The country’s manufacturing purchasing managers index (PMI) experienced its third consecutive month below the 50 mark in October, according to data released Sunday by the China Federation of Logistics and Purchasing and the National Bureau of Statistics.
At 49.8, the reading showed that factory activity shrunk last month, which followed the recent news that China’s economy grew 6.9% in the third quarter—its weakest rate since 2009. And it looks like officials aren’t expecting that figure to climb above 7 percent anytime soon.
China’s Premier Li Keqiang last week declared annual economic expansion of at least 6.5% through 2020, as the government outlined its next five-year plan for national economic and social development at a Communist Party meeting, the full details of which won’t be revealed until it is endorsed by the country’s parliament in March 2016.
“We have capacity to keep annual economic growth at above 6.5% and meet the targets of creating a ‘moderately prosperous society’ by 2020,” he said during a speech in Seoul, according to the state-run Xinhua News Agency.

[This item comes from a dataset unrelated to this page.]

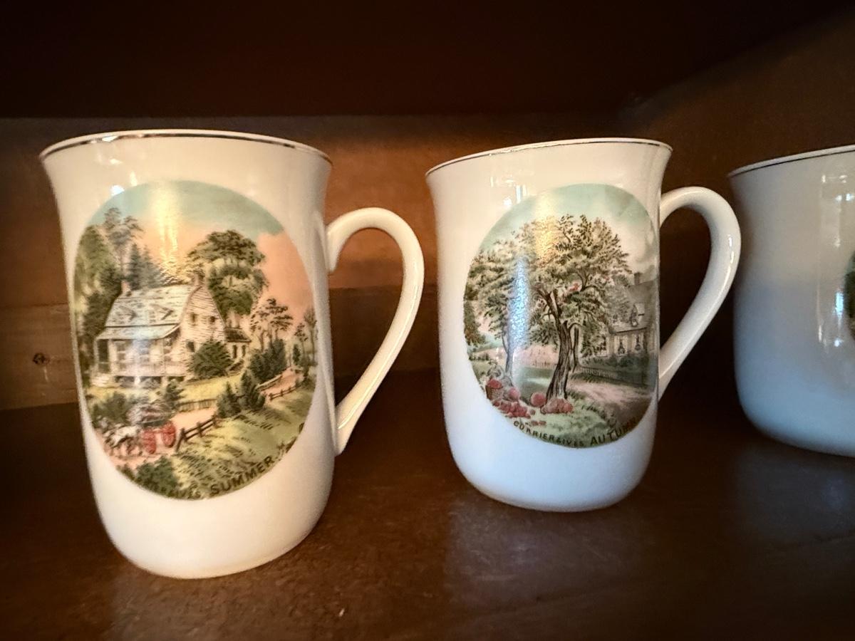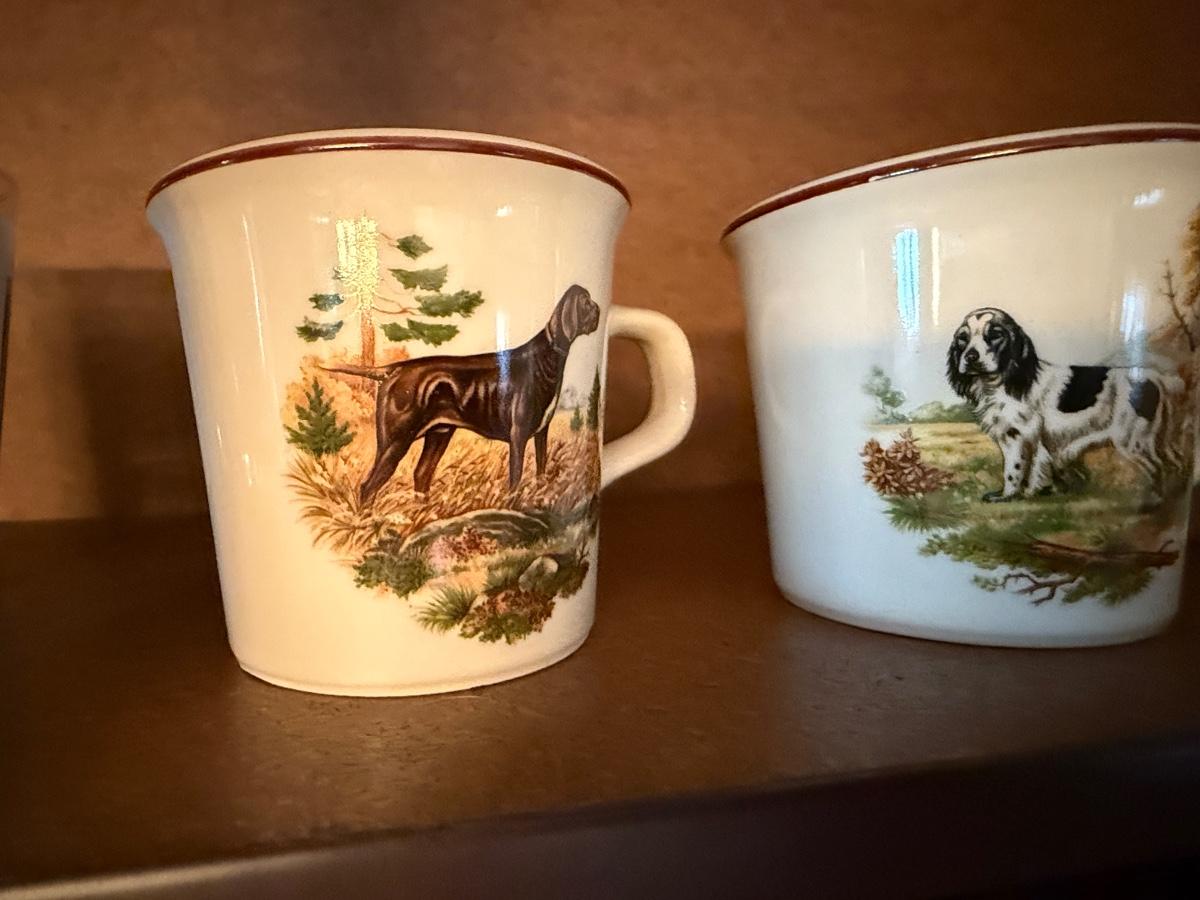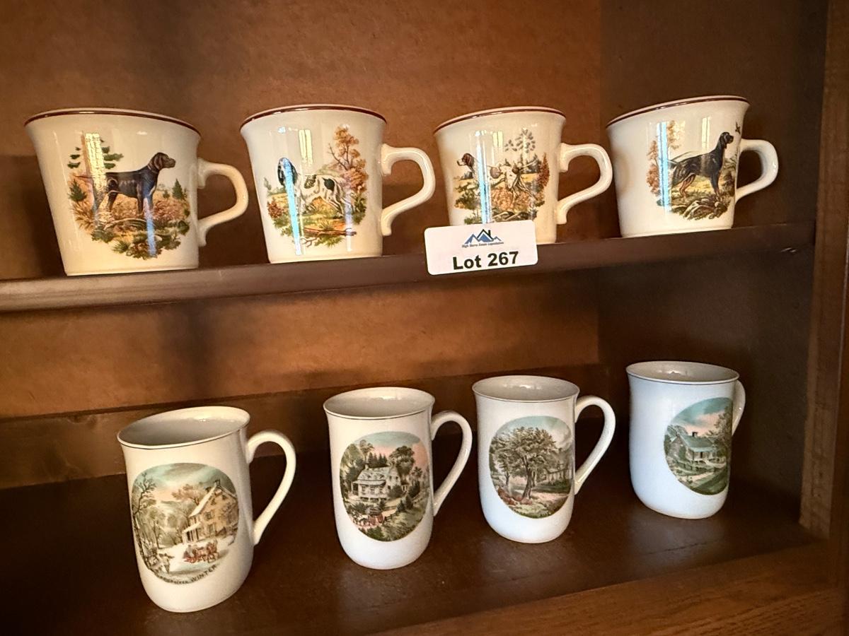 2 sets of 4 country scene/dogs collectible mugs

The 10 key points of the plan, the 13th of its kind, include “maintaining economic growth, transforming patterns of economic development, optimizing the industrial structure, promoting innovation-driven development, accelerating agricultural modernization, reforming institutional mechanisms, promoting coordinated development, strengthening ecological construction, safeguarding and improving people’s livelihoods and promoting pro-poor development.”
But economists and investors are cautious.
“It remains to be seen whether China will suffer a destabilizing ‘hard landing’ during 2016 to 2020, undergo stagnation or a protracted period of lower growth or see a reinvigoration of the economy and rebound in growth after meaningful reforms,” Barclays told CNBC.
Deutsche Bank commented, “If the growth target is set at 6.5%, it means the government will tolerate slower growth to allow more space for structural adjustments. In this case, we expect there will be less stimulus efforts by the government… If the target is set at 7 percent, we believe the government will have to maintain its loose policy stance and do more easing.”